此战之后,“石头寨王二刀法如神”的故事,迅速传遍了山海关内外。
可是王二碰上孙承宗的亲兵还是败下阵来。
山海关演武的尘埃刚刚落定,一骑快马却带着督师孙承宗的密令,到了石头寨。
王二在简陋的衙署内接令,信使是孙承宗身边一位沉默寡言的家将,他压低声音道:“王二,督师有令,此事关乎东事大局,需秘密进行,不得声张。”

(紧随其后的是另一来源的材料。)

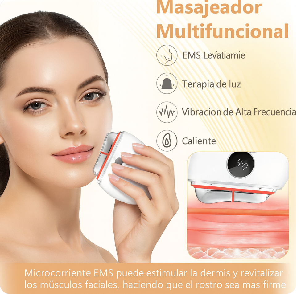 GUASHA CON RADIOFRECUENCIA - MASAJEADOR FACIAL CON LUZ LED Y VIBRACIÓN- 5 NIVELES DE CALOR Y 5 MODOS DE MASAJE
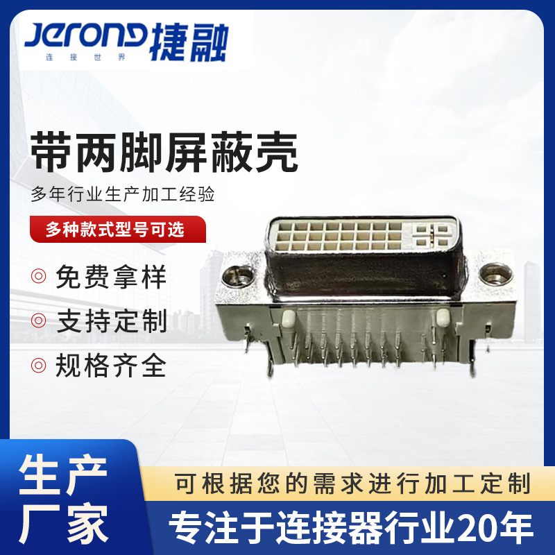 DVI24+5 90度胶芯贝吉色带两脚屏蔽壳 通讯插头焊板式直插连接器
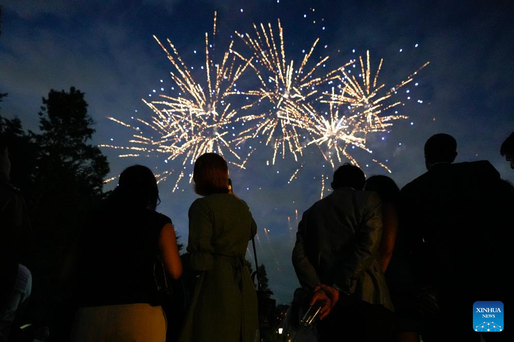Imagen del 12 de febrero de 2026 de personas observando los fuegos artificiales durante la recepción oficial por el Año Nuevo chino, en Montevideo, capital de Uruguay. A pocos días de regresar de una visita de Estado a China, el presidente de Uruguay, Yamandú Orsi, encabezó el jueves en Montevideo la recepción oficial organizada por la Embajada del país asiático por el Año Nuevo chino, en una ceremonia que puso de relieve el fortalecimiento de la relación bilateral. (Xinhua/Nicolás Celaya)
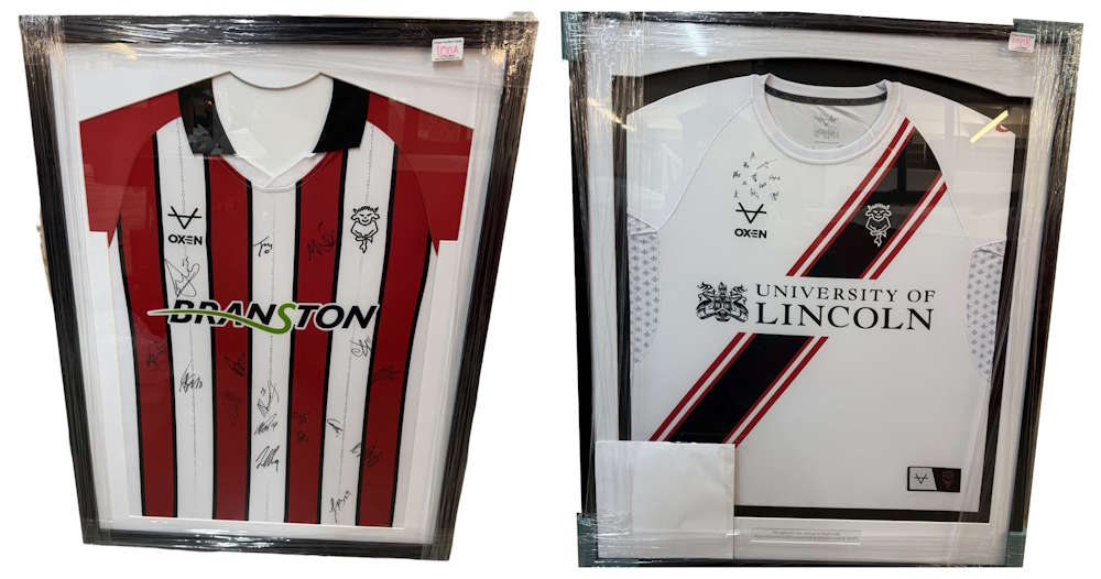 The charity lots consist of two framed and glazed Lincoln City Football Club shirts, both signed and generously donated to help raise funds for the Mayor’s chosen charity:
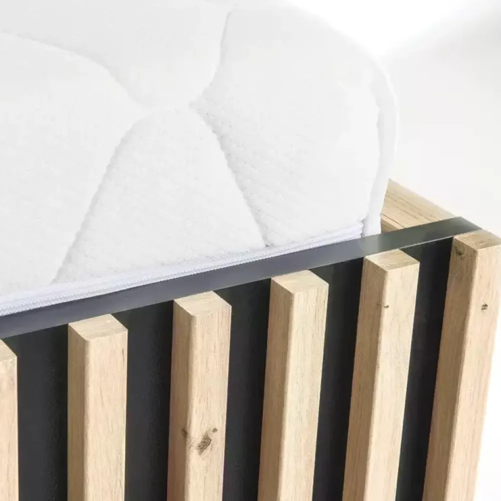 - Obrzeża łóżka zabezpieczono przed uszkodzeniami okleiną ABS.
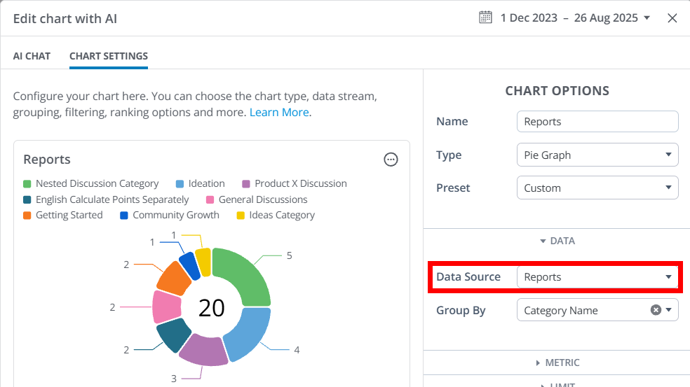 IMPORTANT: The Reports data source replaces the existing data source: Community Management Reports. Current dashboards and charts using this deprecated data source will continue to function and receive data but they will be removed in the future; because of this, we recommend migrating to the Reports data source for continued accuracy and access to improvements.
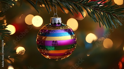 Fototapeta premium Colorful Ornament Hanging from Christmas Tree Branch
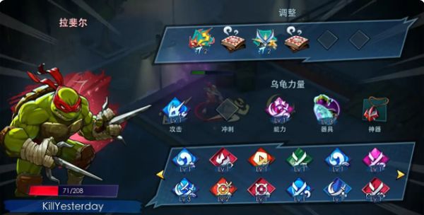 玩家可以选择四个忍者神龟中的任意一个,每个忍者神龟都有独特的技能和特点。
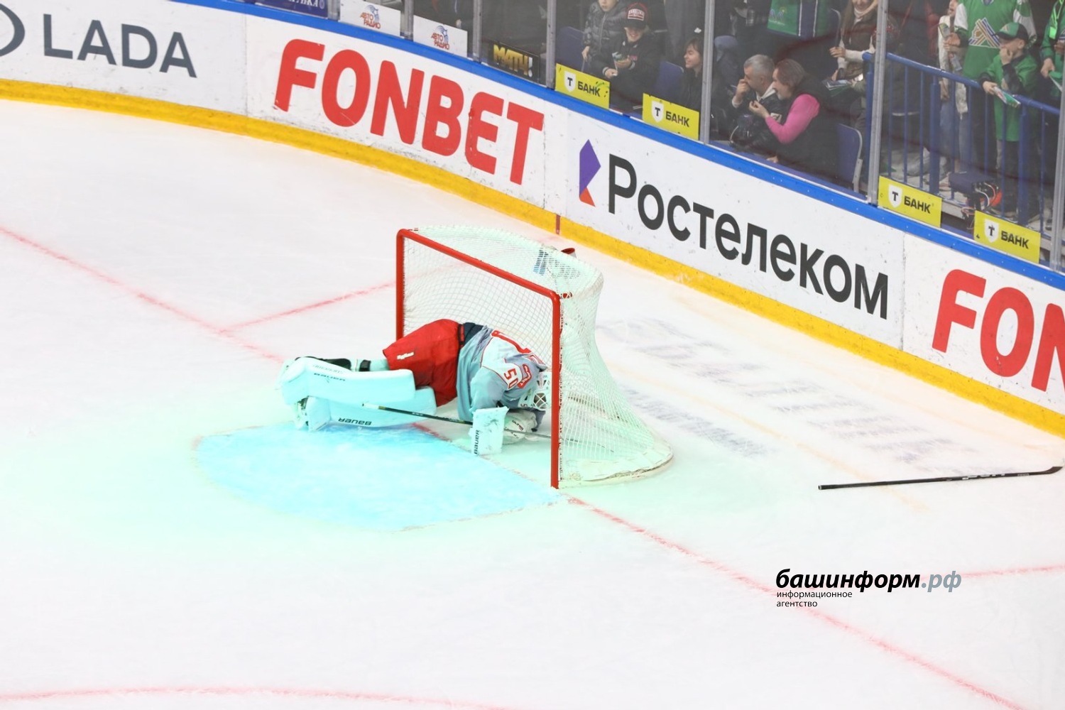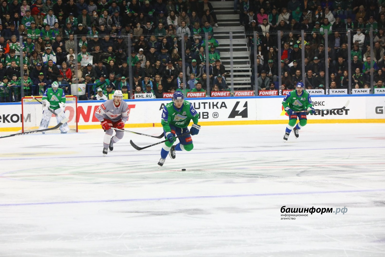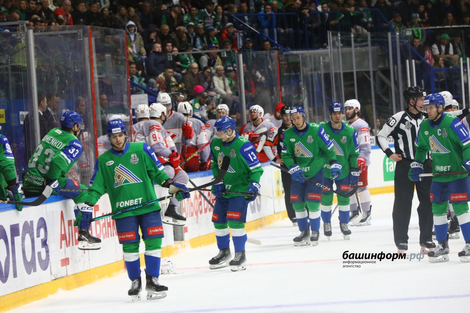 Уфимский «Салават Юлаев» в первом матче четвертьфинала Кубка Гагарина обыграл московский «Спартак» со счетом 4:1. Игра в эти минуты завершилась на «Уфа-Арене».

密令命王二押运一批粮饷,前往东江镇皮岛,交割给总兵毛文龙。
信使补充道:“督师特意交代,毛帅身处海外,牵制虏廷,劳苦功高。然朝中物议繁多,言其虚冒粮饷者众。此次运抵,需有明确回执,以为凭证。”
信使的话说得委婉,但王二听懂了孙承宗需要他亲眼看看皮岛的虚实,并拿到毛文龙亲笔签收的文书,堵住朝中那些悠悠之口。
“末将领命!”王二沉声应下。他深知此行的凶险,海路莫测,后金游骑时常出没于辽东沿海,更别提那个传说中跋扈难制的毛文龙。
一旁的巴特尔听完,瘸着腿凑近,眉头紧锁:“头儿,这差事……是个火坑啊。成了,是分内之事;若出了半点纰漏,或是毛文龙那边稍有不满,咱们就是掉脑袋的罪过!”
王二何尝不知?实际上困难比他预想的更要难。
调集粮草,说起来容易做起来难,皮岛孤悬海外,不知孙督师脑袋那根劲搭错,只要给了一纸调令,一棵粮草都有。
山海关府衙的青石地缝里还凝着晨霜,王二攥着运粮勘核,缓步走进签押房。
监军太监陈上礼正把玩着枚油光水滑的珊瑚佩。那珊瑚红得扎眼,一看便知是海外奇珍。
“陈公公,三万石粮草己在港口囤了三日,军饷何时拨付?”王二的声音带着海风的糙意,震得屋梁上的灰尘簌簌往下掉。
陈尚礼礼慢条斯理地将珊瑚佩揣进袖中,眼皮都没抬:“王大人急什么?事有缓急得按章程来。”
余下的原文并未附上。